--- START ---

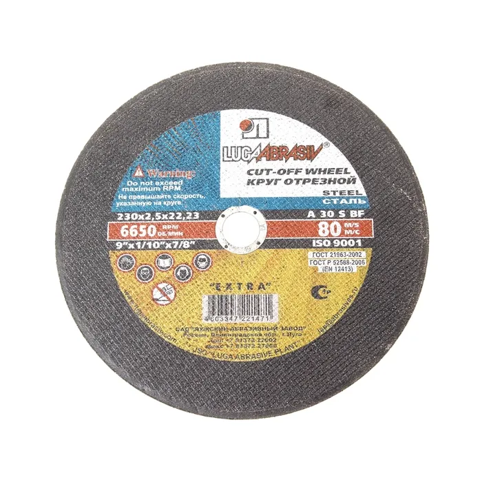 Круг отрезной по металлу «Луга» A 30 S BF 80 (14 А БУ), 230×2.5×22 мм — Характеристики
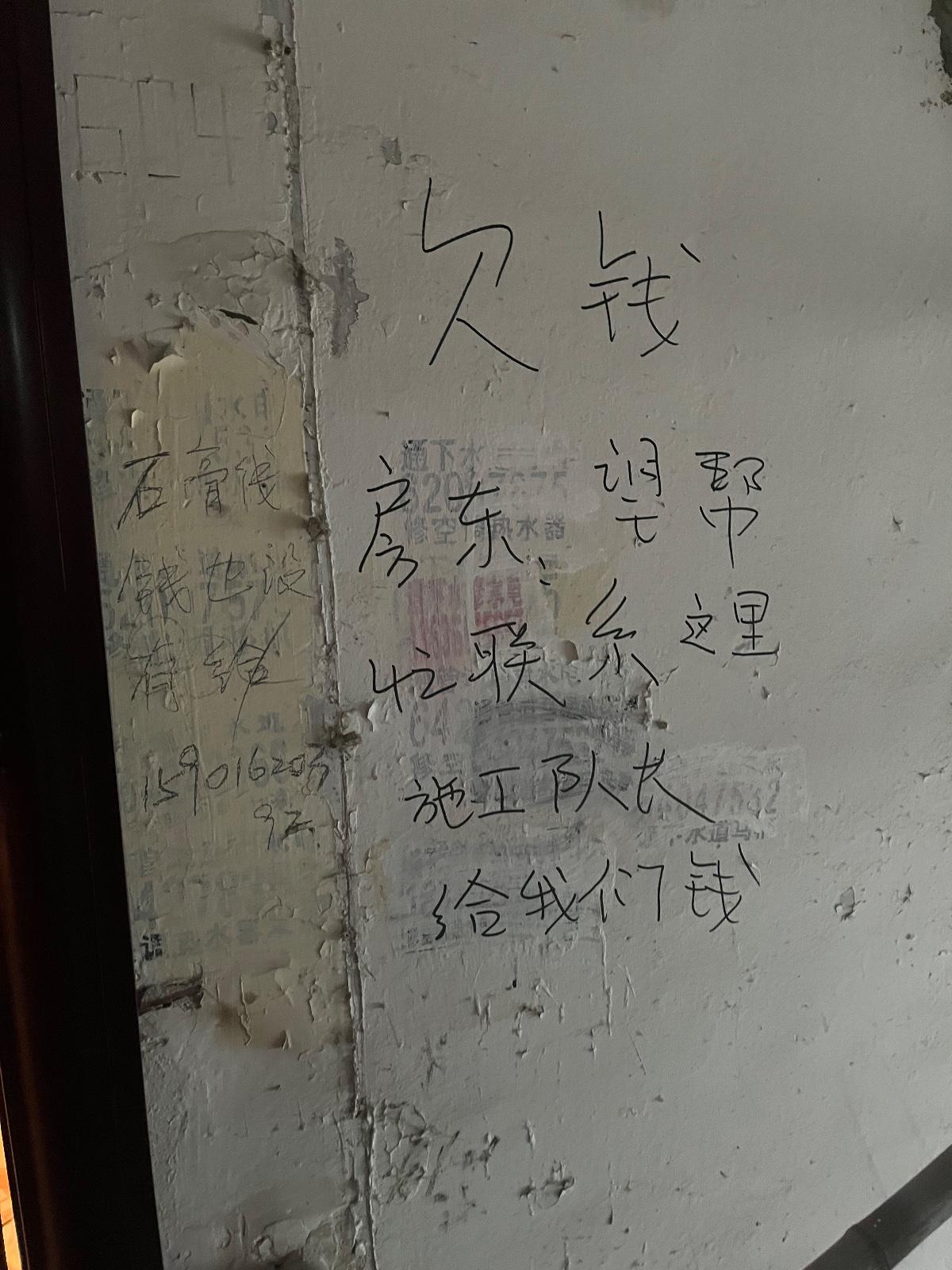 8、還有更加過分的,拖欠工人工資,工人跑到我家去要錢,在我墻上寫字要挾,都是這個公司不給工人工資,工人說他們也沒辦法,說他們老板沒一一句真話
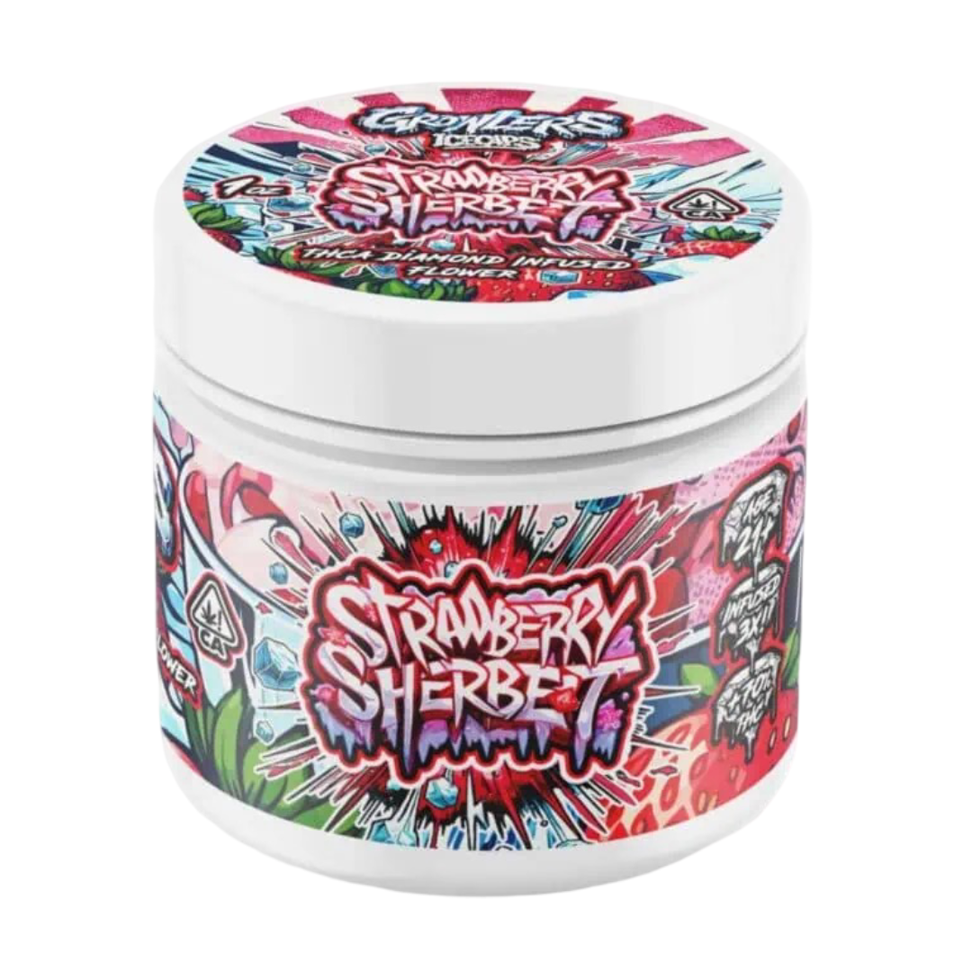 Growlers Icecaps Strawberry Sherbet delivers premium cannabis flower with a sweet, creamy terpene profile, smooth smoke, and potent effects, making it a top-quality choice for flavor-focused connoisseurs.
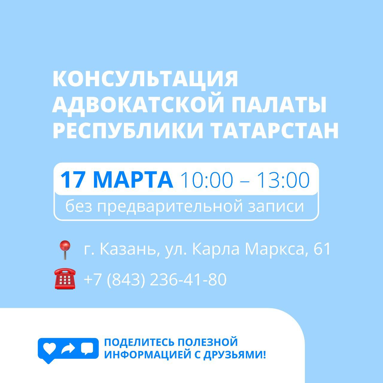 17 марта граждане смогут проконсультироваться по интересующим их вопросам с представителями Адвокатской палаты Республики Татарстан.
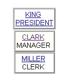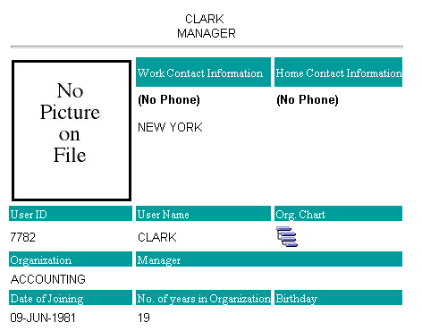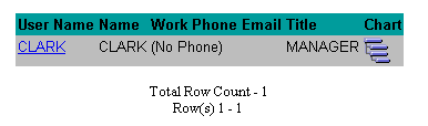 The User Name CLARK and the Chart icon are both both hypertext links to another report containing details about Clark and a hierarchy database portlet, respectively. The hierarchy shows Clark's position in an organization chart. Both database portlets are shown below
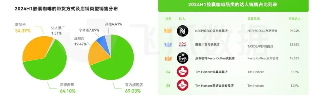 膠囊咖啡的帶貨方式主要以品牌自營為主,銷售佔比達到 64%,其次是來自商城、搜索等商品卡趨勢,佔比達到 34%。膠囊咖啡機通常價格較高,消費者出於對產品質量和售後服務的考量,更傾向於在品牌自營號和官方旗艦店購買,同時官方賬號往往能提供更專業的產品介紹和使用指南,也能幫助消費者更好地瞭解和使用產品。

--- END ---

Leave the pictures out and restate the listing word for word.

 Круг отрезной по металлу «Луга» A 30 S BF 80 (14 А БУ), 230×2.5×22 мм — Характеристики
 8、還有更加過分的,拖欠工人工資,工人跑到我家去要錢,在我墻上寫字要挾,都是這個公司不給工人工資,工人說他們也沒辦法,說他們老板沒一一句真話
 Growlers Icecaps Strawberry Sherbet delivers premium cannabis flower with a sweet, creamy terpene profile, smooth smoke, and potent effects, making it a top-quality choice for flavor-focused connoisseurs.
 17 марта граждане смогут проконсультироваться по интересующим их вопросам с представителями Адвокатской палаты Республики Татарстан.
 The User Name CLARK and the Chart icon are both both hypertext links to another report containing details about Clark and a hierarchy database portlet, respectively. The hierarchy shows Clark's position in an organization chart. Both database portlets are shown below
 膠囊咖啡的帶貨方式主要以品牌自營為主,銷售佔比達到 64%,其次是來自商城、搜索等商品卡趨勢,佔比達到 34%。膠囊咖啡機通常價格較高,消費者出於對產品質量和售後服務的考量,更傾向於在品牌自營號和官方旗艦店購買,同時官方賬號往往能提供更專業的產品介紹和使用指南,也能幫助消費者更好地瞭解和使用產品。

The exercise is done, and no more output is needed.